**Work to complete**
Retype word for word the stretch of entries below from the line that has "经过激烈的角逐,法学类210" through the line that has "Figure 10 - Evidence", and omit the pictures.

**Data to examine**
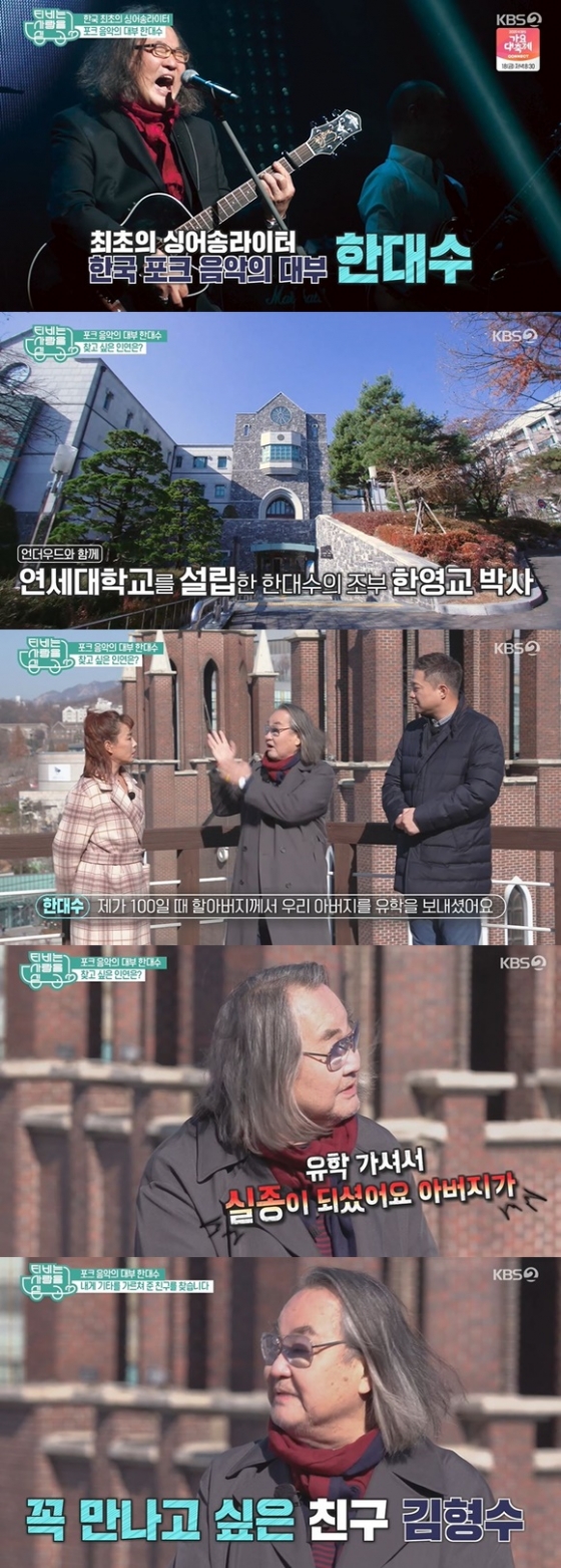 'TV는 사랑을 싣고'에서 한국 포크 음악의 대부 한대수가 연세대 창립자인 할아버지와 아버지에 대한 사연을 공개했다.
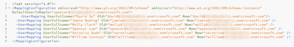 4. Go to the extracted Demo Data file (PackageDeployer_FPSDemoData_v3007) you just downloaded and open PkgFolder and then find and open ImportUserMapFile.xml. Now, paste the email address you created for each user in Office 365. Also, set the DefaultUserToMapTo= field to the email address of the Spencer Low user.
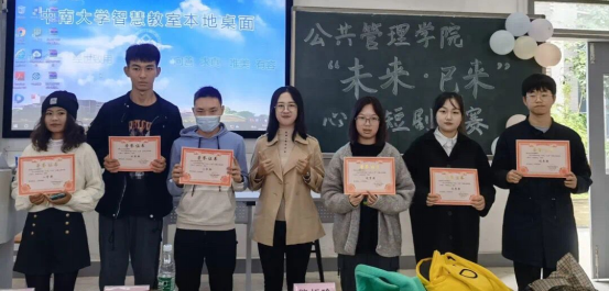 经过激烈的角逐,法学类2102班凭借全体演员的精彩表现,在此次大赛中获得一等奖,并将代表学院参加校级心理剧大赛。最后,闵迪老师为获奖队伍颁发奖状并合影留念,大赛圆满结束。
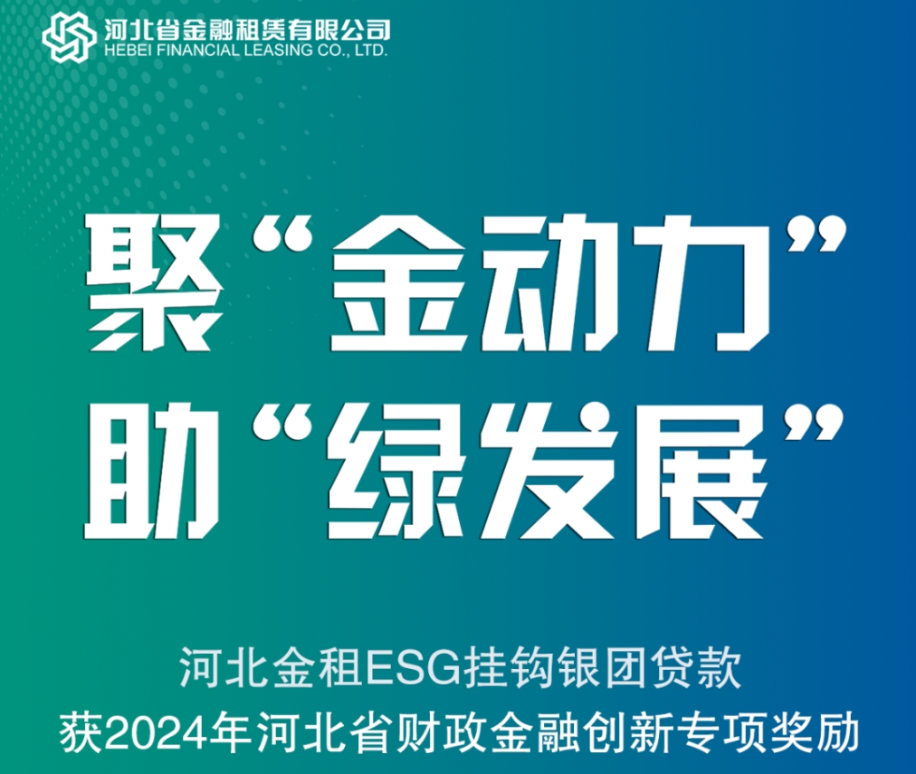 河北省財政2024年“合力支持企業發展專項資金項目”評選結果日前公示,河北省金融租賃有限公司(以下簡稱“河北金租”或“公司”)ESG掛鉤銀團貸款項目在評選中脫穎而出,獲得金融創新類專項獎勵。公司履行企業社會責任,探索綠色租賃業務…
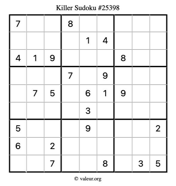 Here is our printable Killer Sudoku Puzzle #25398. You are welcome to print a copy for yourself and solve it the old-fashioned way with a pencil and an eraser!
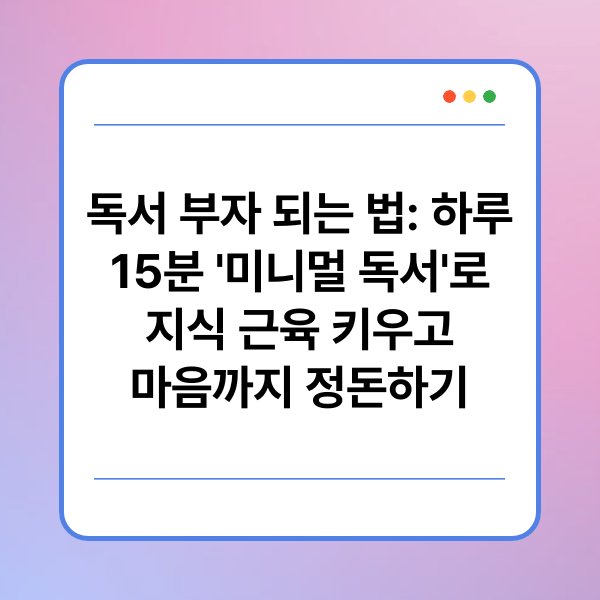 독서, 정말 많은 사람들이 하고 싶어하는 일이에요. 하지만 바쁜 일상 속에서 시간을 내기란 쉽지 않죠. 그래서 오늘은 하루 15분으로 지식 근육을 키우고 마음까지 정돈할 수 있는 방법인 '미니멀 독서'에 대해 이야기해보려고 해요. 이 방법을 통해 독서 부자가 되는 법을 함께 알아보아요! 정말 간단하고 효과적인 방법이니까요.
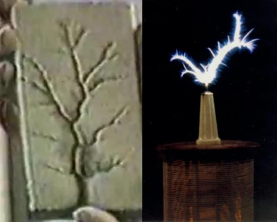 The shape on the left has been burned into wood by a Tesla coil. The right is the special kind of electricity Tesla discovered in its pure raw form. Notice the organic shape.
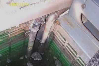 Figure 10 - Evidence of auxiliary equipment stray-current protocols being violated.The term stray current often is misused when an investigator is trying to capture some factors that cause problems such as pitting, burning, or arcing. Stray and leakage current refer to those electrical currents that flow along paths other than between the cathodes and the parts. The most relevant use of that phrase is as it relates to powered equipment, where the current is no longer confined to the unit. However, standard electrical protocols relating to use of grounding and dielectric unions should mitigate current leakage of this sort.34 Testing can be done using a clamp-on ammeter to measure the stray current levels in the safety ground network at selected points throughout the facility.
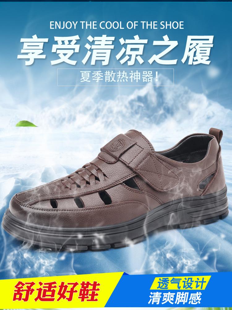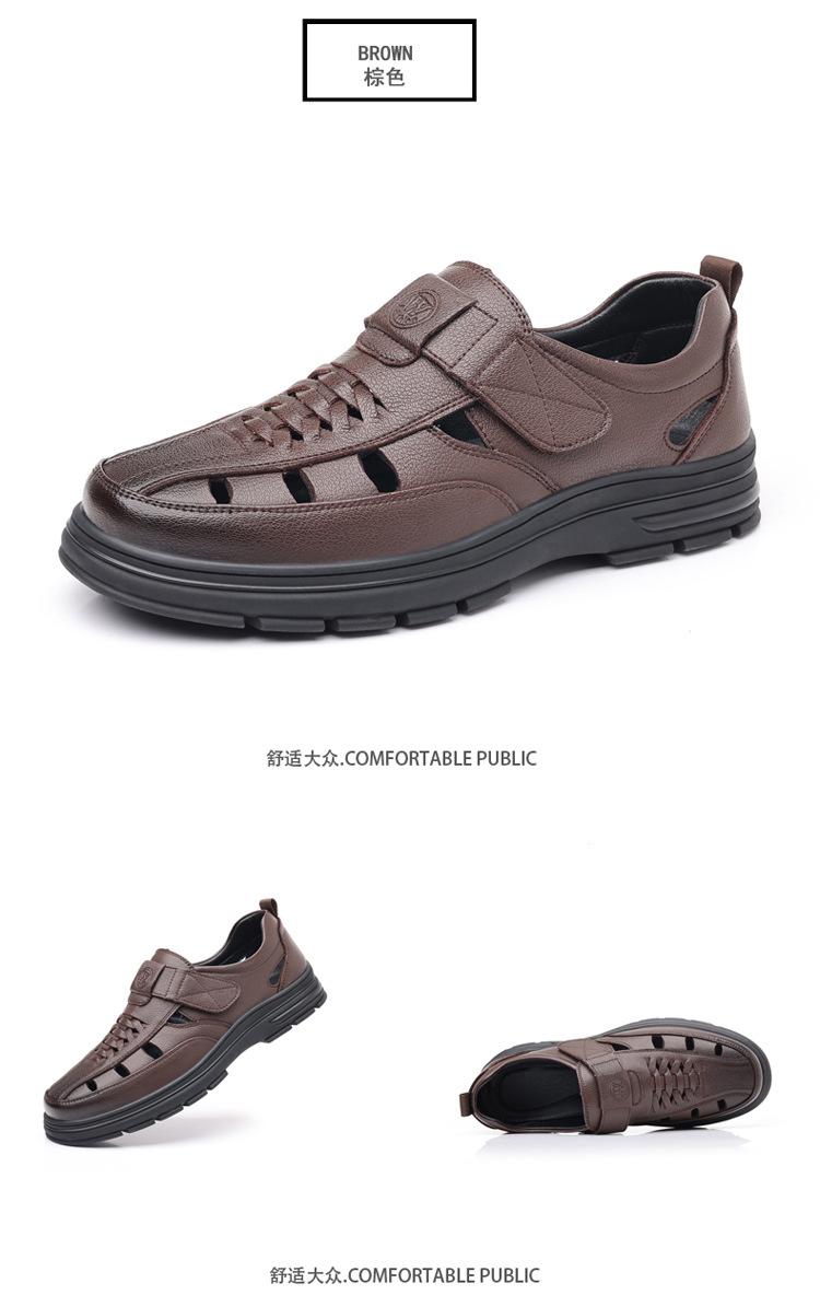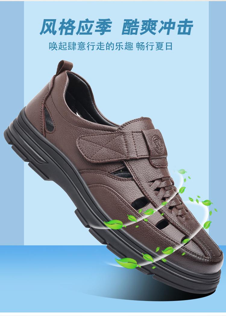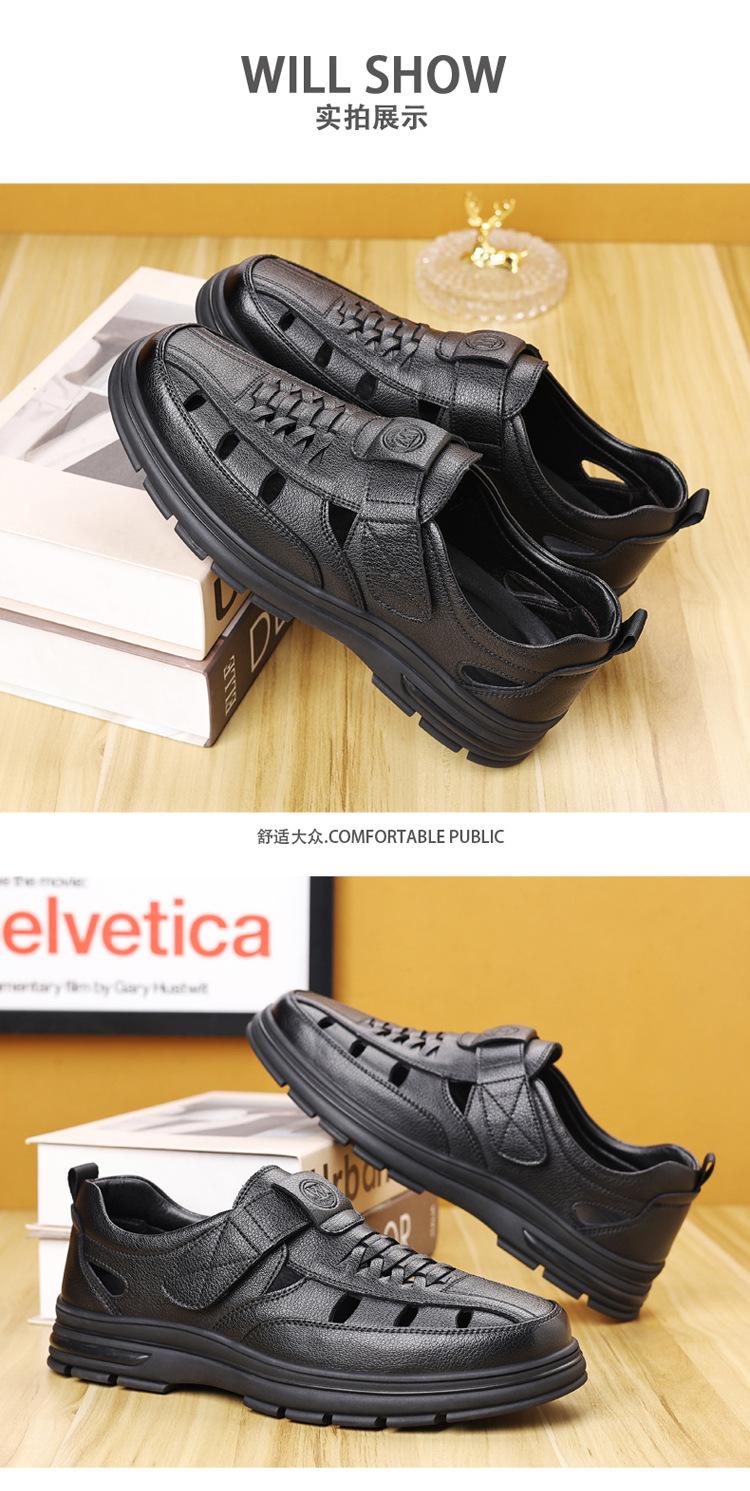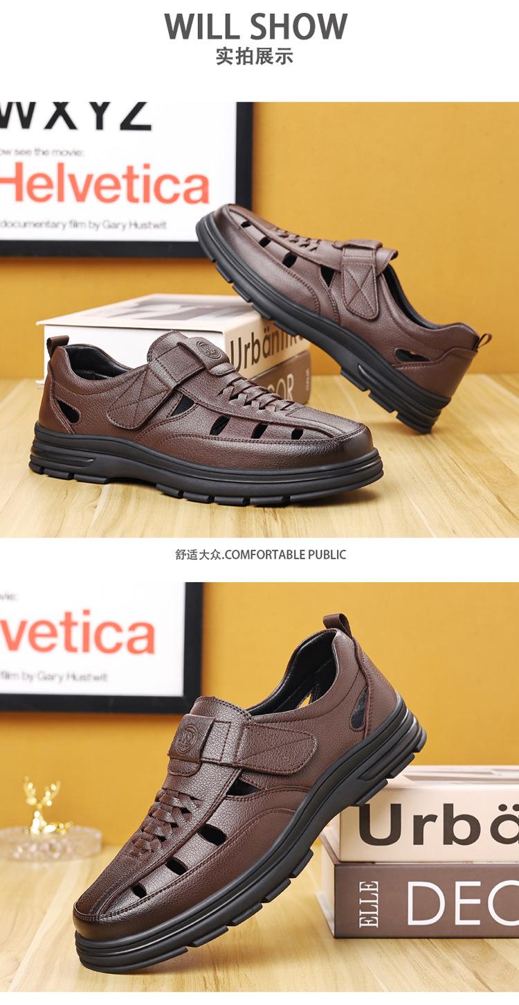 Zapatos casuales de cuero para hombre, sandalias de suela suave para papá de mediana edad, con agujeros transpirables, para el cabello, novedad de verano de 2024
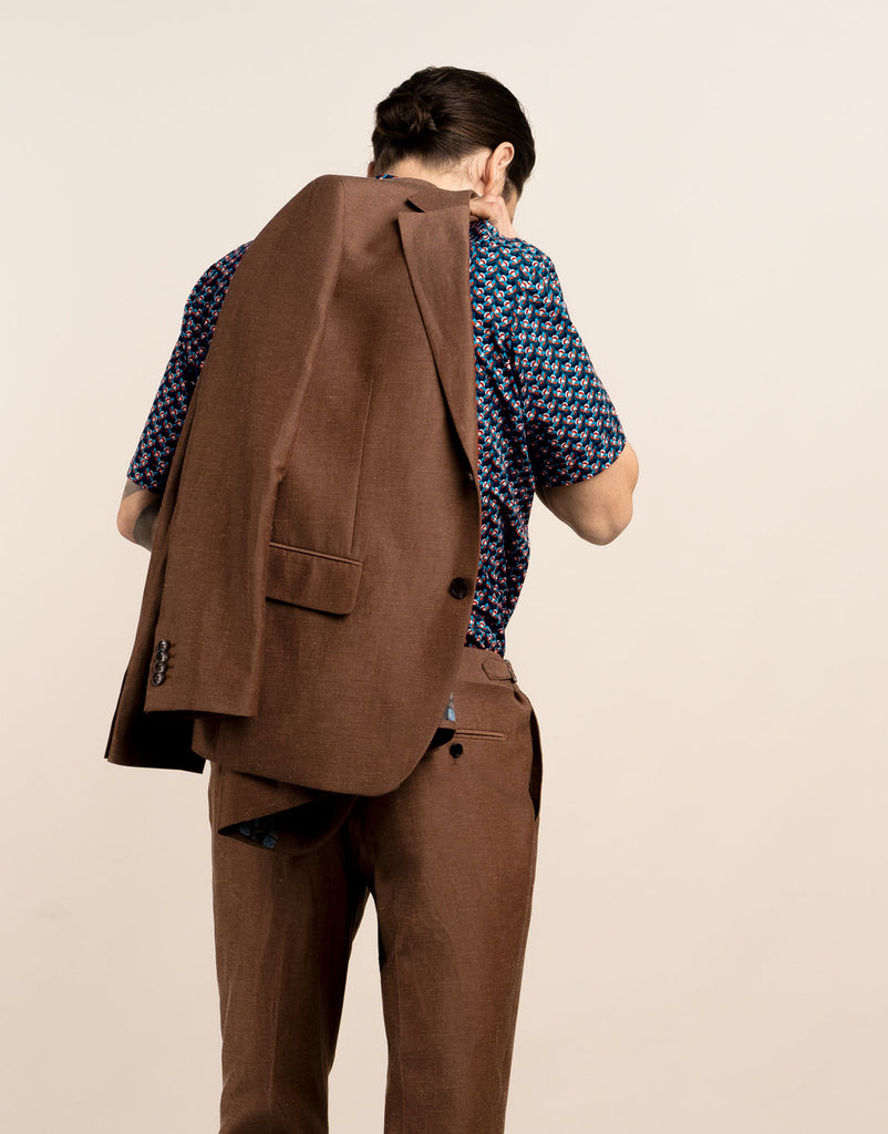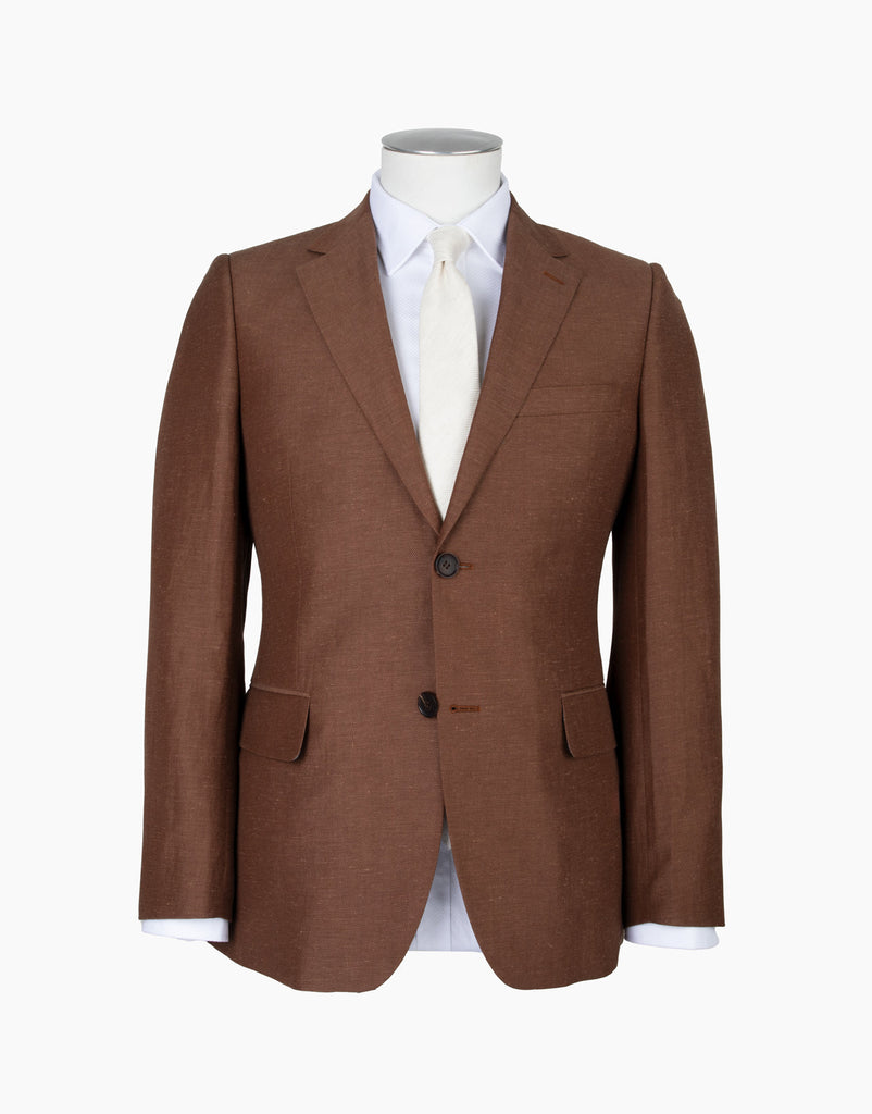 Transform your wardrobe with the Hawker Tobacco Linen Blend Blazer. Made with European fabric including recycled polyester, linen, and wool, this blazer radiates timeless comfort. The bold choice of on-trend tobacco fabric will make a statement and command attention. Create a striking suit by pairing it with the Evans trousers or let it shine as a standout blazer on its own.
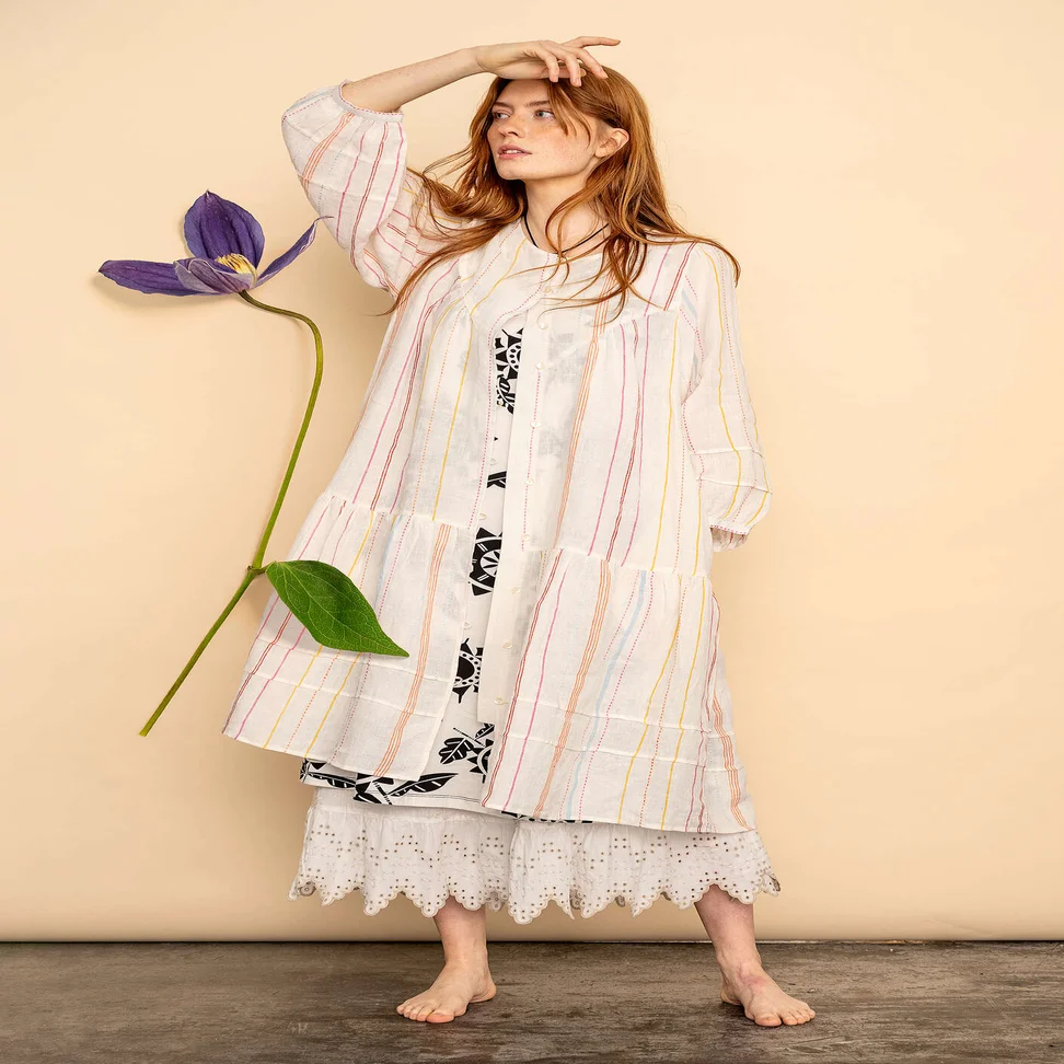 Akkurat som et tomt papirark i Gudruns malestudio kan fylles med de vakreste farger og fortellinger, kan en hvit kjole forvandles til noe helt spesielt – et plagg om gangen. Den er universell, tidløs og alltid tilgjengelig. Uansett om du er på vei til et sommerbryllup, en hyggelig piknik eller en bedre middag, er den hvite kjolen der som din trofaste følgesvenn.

**Finished exercise**
 经过激烈的角逐,法学类2102班凭借全体演员的精彩表现,在此次大赛中获得一等奖,并将代表学院参加校级心理剧大赛。最后,闵迪老师为获奖队伍颁发奖状并合影留念,大赛圆满结束。
 河北省財政2024年“合力支持企業發展專項資金項目”評選結果日前公示,河北省金融租賃有限公司(以下簡稱“河北金租”或“公司”)ESG掛鉤銀團貸款項目在評選中脫穎而出,獲得金融創新類專項獎勵。公司履行企業社會責任,探索綠色租賃業務…
 Here is our printable Killer Sudoku Puzzle #25398. You are welcome to print a copy for yourself and solve it the old-fashioned way with a pencil and an eraser!
 독서, 정말 많은 사람들이 하고 싶어하는 일이에요. 하지만 바쁜 일상 속에서 시간을 내기란 쉽지 않죠. 그래서 오늘은 하루 15분으로 지식 근육을 키우고 마음까지 정돈할 수 있는 방법인 '미니멀 독서'에 대해 이야기해보려고 해요. 이 방법을 통해 독서 부자가 되는 법을 함께 알아보아요! 정말 간단하고 효과적인 방법이니까요.
 The shape on the left has been burned into wood by a Tesla coil. The right is the special kind of electricity Tesla discovered in its pure raw form. Notice the organic shape.
 Figure 10 - Evidence of auxiliary equipment stray-current protocols being violated.The term stray current often is misused when an investigator is trying to capture some factors that cause problems such as pitting, burning, or arcing. Stray and leakage current refer to those electrical currents that flow along paths other than between the cathodes and the parts. The most relevant use of that phrase is as it relates to powered equipment, where the current is no longer confined to the unit. However, standard electrical protocols relating to use of grounding and dielectric unions should mitigate current leakage of this sort.34 Testing can be done using a clamp-on ammeter to measure the stray current levels in the safety ground network at selected points throughout the facility.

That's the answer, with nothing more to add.